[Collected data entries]
⟨
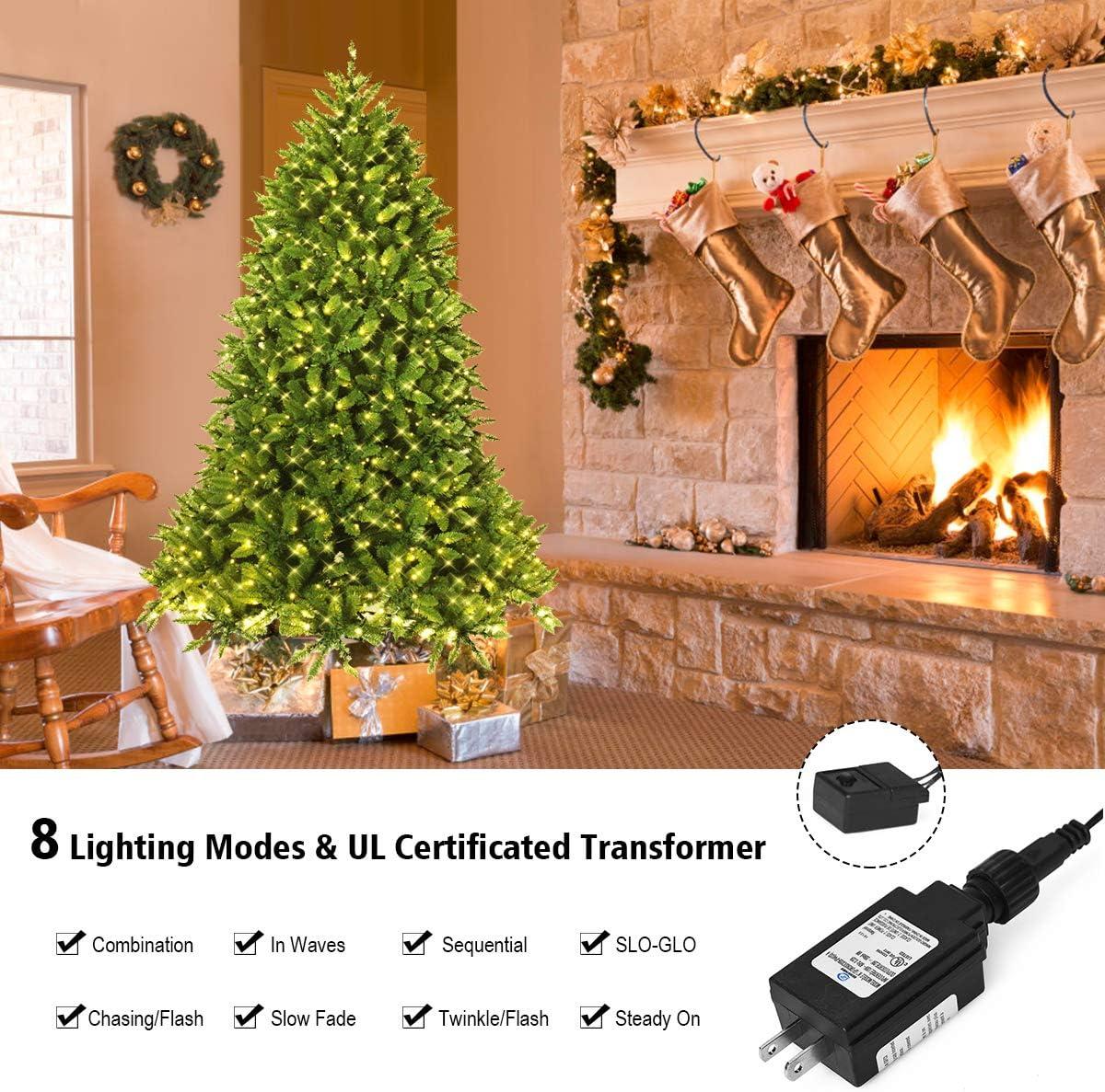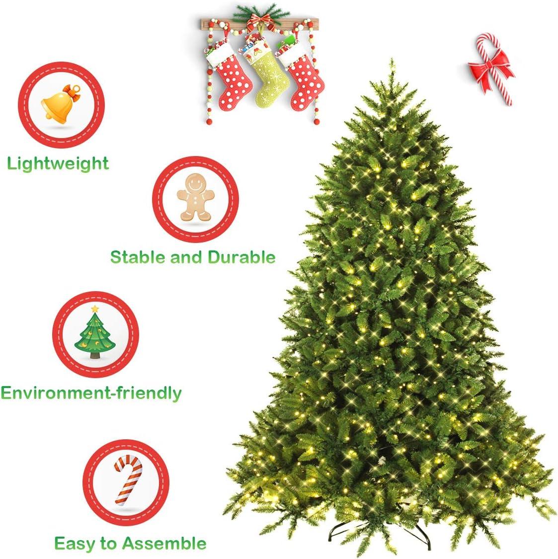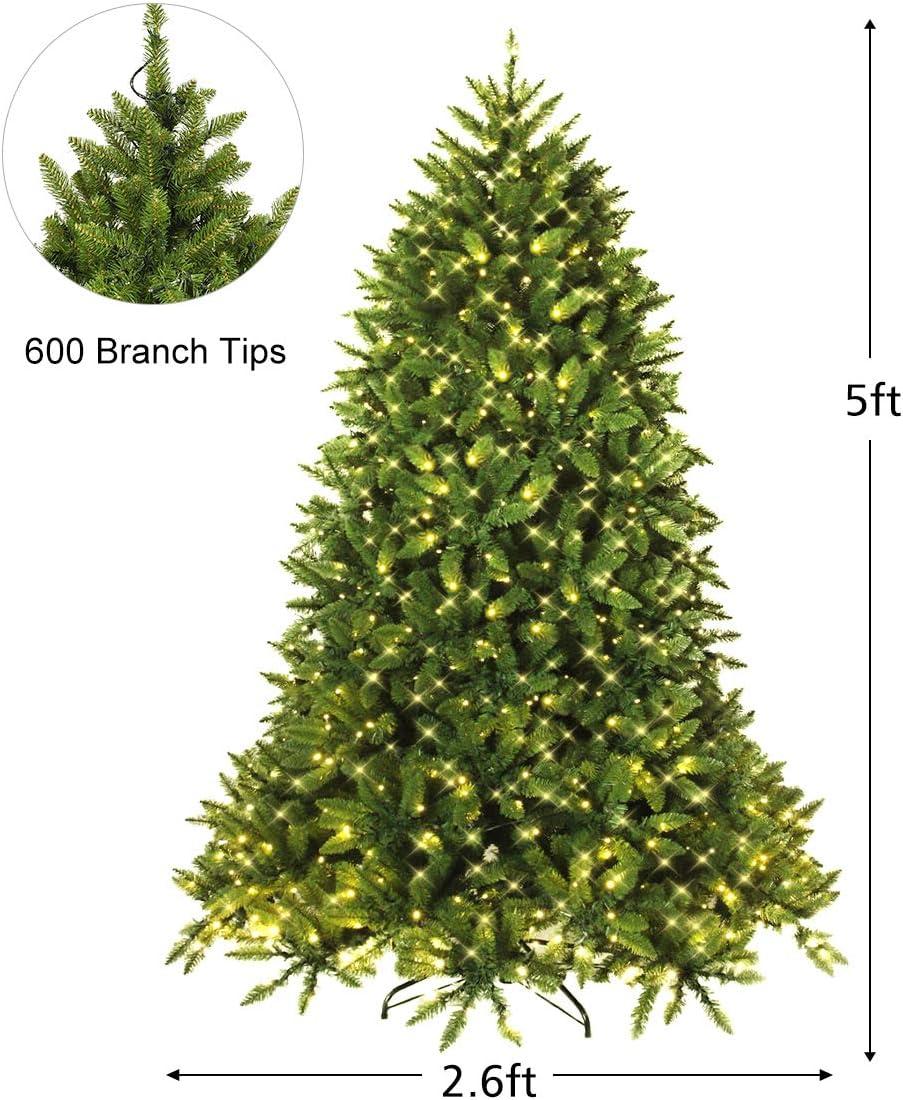 Each size is equipped with a corresponding number of warm white LED lights (450 for 5FT, 650 for 6FT, 700 for 7.5FT) and 8 lighting modes, letting you create a magical ambiance for family gatherings or holiday parties. The hinged design makes setup a breeze, so you spend less time assembling and more time enjoying the season.
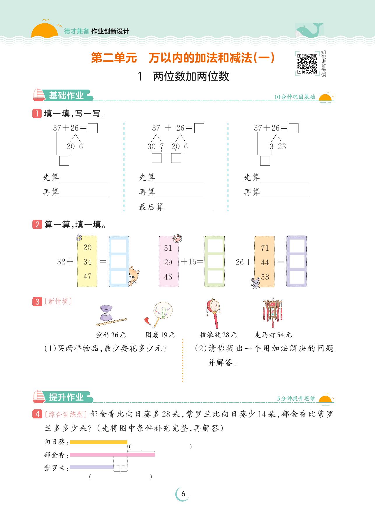 2023上册三年级数学人教版 第二单元 万以内的加法和减法(一)——1 两位数加两位数
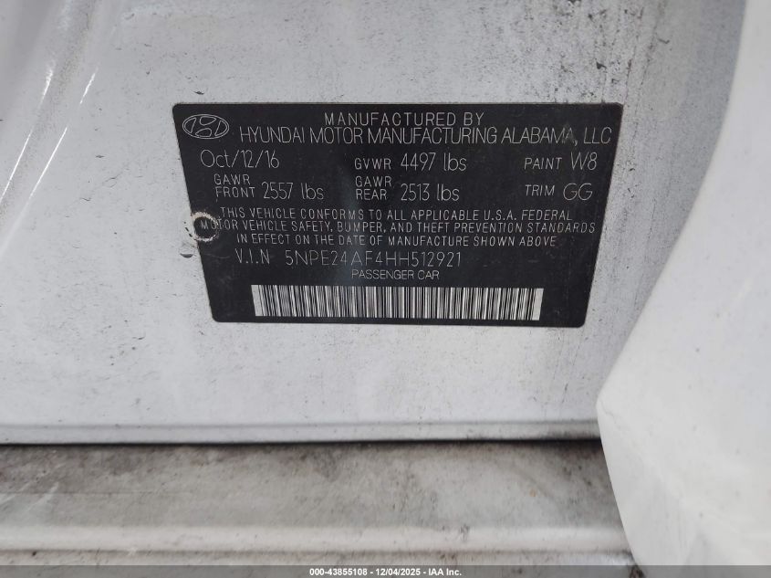 2017 HYUNDAI SONATA 2017 року Бензин, 2.4, Передній привід, vin - 5NPE24AF4HH512921 з США
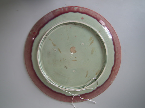 Circa 1910. 16ins diameter. Large Mintons Secessionist No.3 charger. Green and pink ground with black tube lining. Stylised flowers in a typical Art Nouveau design.
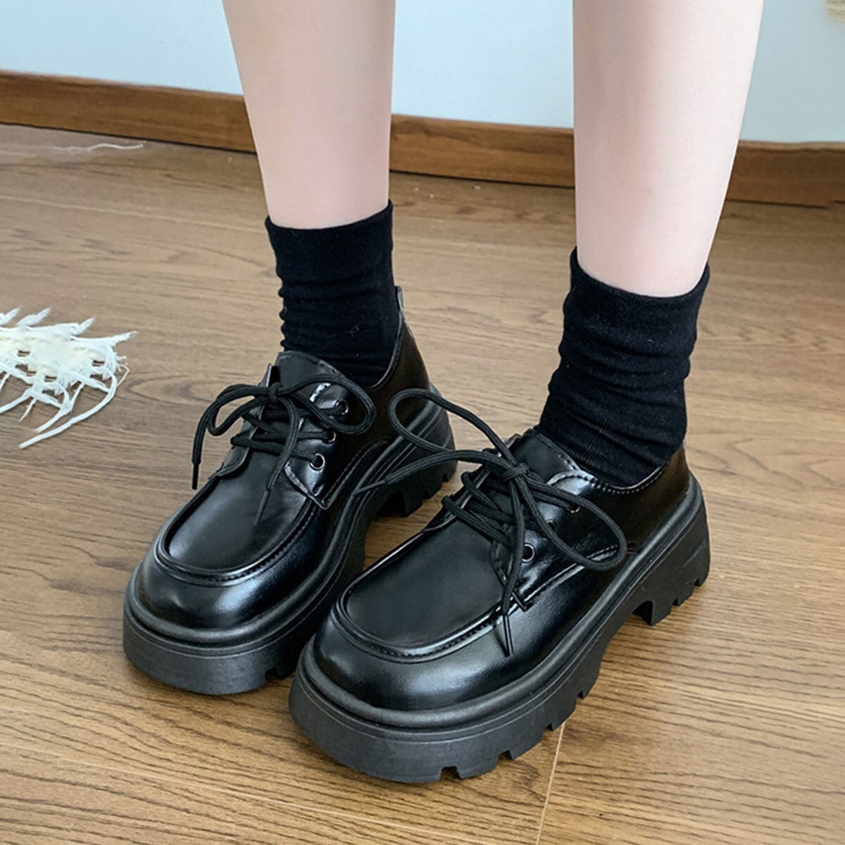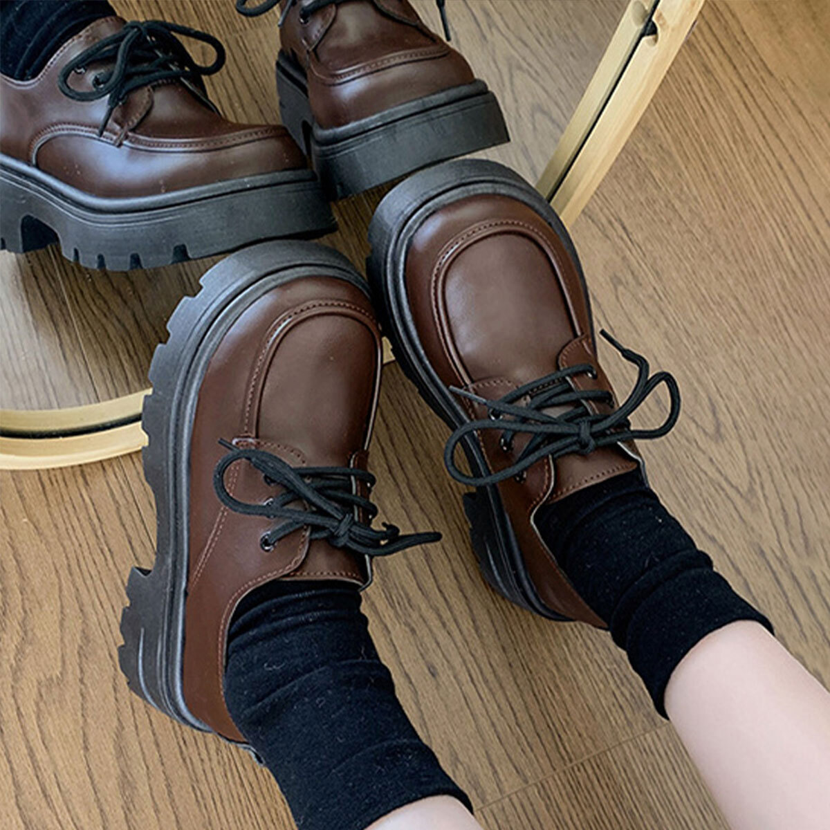 厚底 ローファー ドレスシューズ レディース 韓国 通勤 通学 学生 大人 シンプル きれいめ カジュアル PUレザー ローヒール 歩きやすい 疲れにくい メイド コスプレ 大人可愛い 大人女子
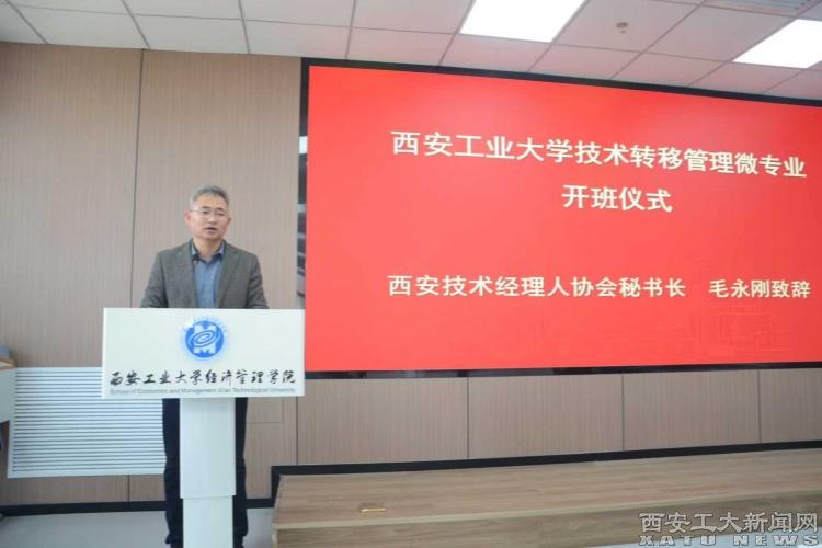 西安技术经理人协会秘书长毛永刚代表合作单位致辞。他从行业实际出发,深入剖析了当前技术转移领域的发展趋势与人才缺口,强调高素质技术经理人在贯通创新链与产业链中的关键角色,并对微专业的课程设计与实践导向寄予厚望。
⟩
[What is being asked] Would you print, exactly as they appear, the lines from the line with "厚底 ローファー ドレスシューズ" through the end of the entries above, leaving out the pictures?

[Your solution]
 厚底 ローファー ドレスシューズ レディース 韓国 通勤 通学 学生 大人 シンプル きれいめ カジュアル PUレザー ローヒール 歩きやすい 疲れにくい メイド コスプレ 大人可愛い 大人女子
 西安技术经理人协会秘书长毛永刚代表合作单位致辞。他从行业实际出发,深入剖析了当前技术转移领域的发展趋势与人才缺口,强调高素质技术经理人在贯通创新链与产业链中的关键角色,并对微专业的课程设计与实践导向寄予厚望。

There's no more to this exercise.